陈山何贵进了院子就开始夸林青禾跟五宝们。
五宝们看着从未见过的怪大人,怕生的他们都前去抱住了林青禾的腿,手。
林青禾轻轻的拍着孩子们,示意他们不要害怕。
同时她也注意到了,前面那三人从进门开始,眼睛就没怎么离开过那一头野猪……
左容赢将扛着的野猪卸在了院子里,陈山何贵他们就朝他走了进去,看着地上的野猪,发出了啧啧声,“猎了那么大的一头野猪,左容赢,你祖上不愧世世代代都是打猎的,你这狩猎的技巧没的话说!”
“还是你们住在山上的好啊,想吃肉了就去打猎,弓箭没有了还可以折回来拿,哪里像我们啊,打个猎还得上山,箭用完了就没有了。今天天不亮就上山了,猎到了现在什么都没有猎到啊……你说,猎物是不是都被你猎完了?”

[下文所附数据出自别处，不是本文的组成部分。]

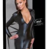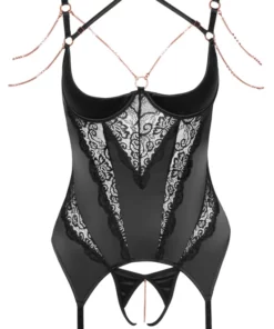 - W zestawie znajdują się pasujące stringi ouvert z elastycznej satyny i odpinanym łańcuszkiem.
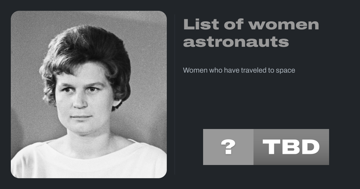 The following is a list of women who have traveled into space serving as a commander or crew member of a spacecraft, commonly referred to as astronauts or cosmonauts, sorted by date of first flight. This list includes Russian cosmonauts, who were the first women to cross the Karman Line into space. Valentina Tereshkova became the first woman to...
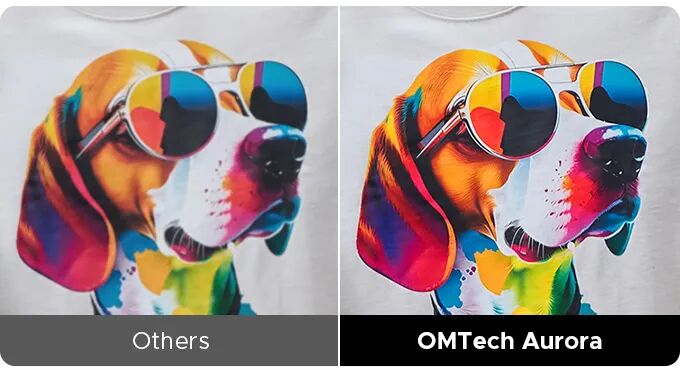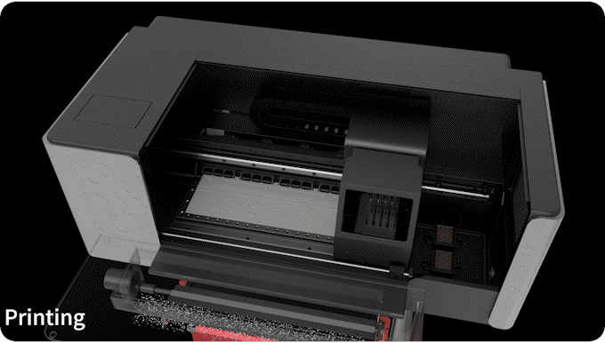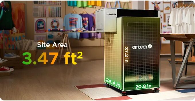 Aurora 的垂直设计将其占地面积大幅缩小至仅 3.47 平方英尺,与同类 DTF 打印机相比,节省高达 56% 的空间。
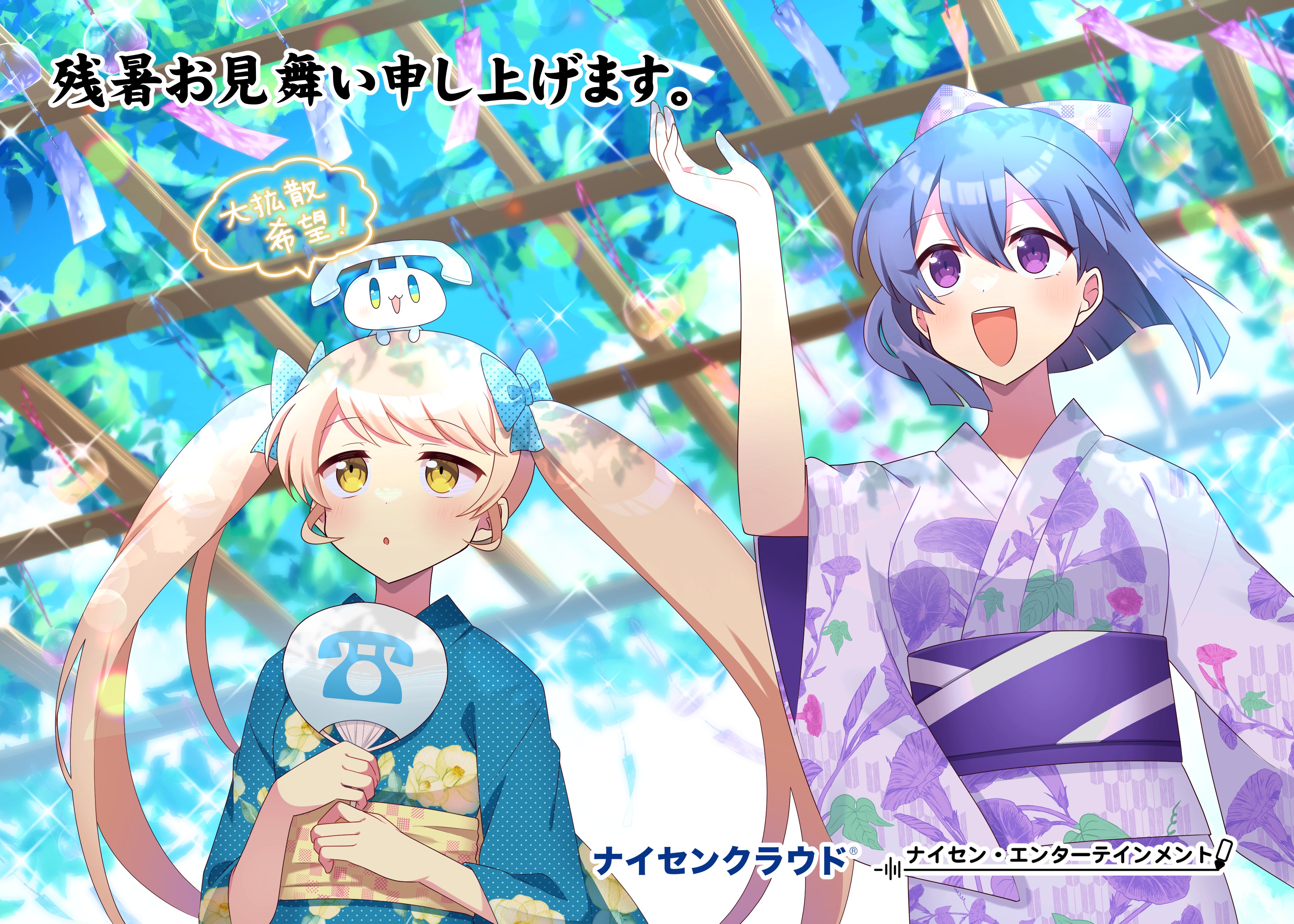 1other 2girls absurdres aite_iori blonde_hair highres japanese_clothes kimono multiple_girls naisen purple_hair telu-chan yukata
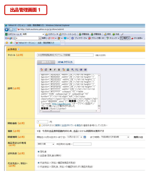 作成した商品説明文を記載します。オークファンのテンプレートを使う場

“这么大的猪啊,你们家得吃到什么时候去啊!”杨福摇着头,颇忧愁地道。
他们……是想怎么的?分他们的猪?
林青禾看出了他么的意图,低头跟五宝们道:“乖,都回去烤火,外面太冷了啊!”
五宝们看向了娘亲,犹豫了下还是点头往里面走了。
他们走的时候还不忘看了看院子里的怪大人们。
“这山头上的猎物也没有规定猎多少,不给谁猎啊,猎不到的怎么还怪会猎的,不是应该多练习猎术吗?”林青禾走到了左容赢的面前,对着这几个人道。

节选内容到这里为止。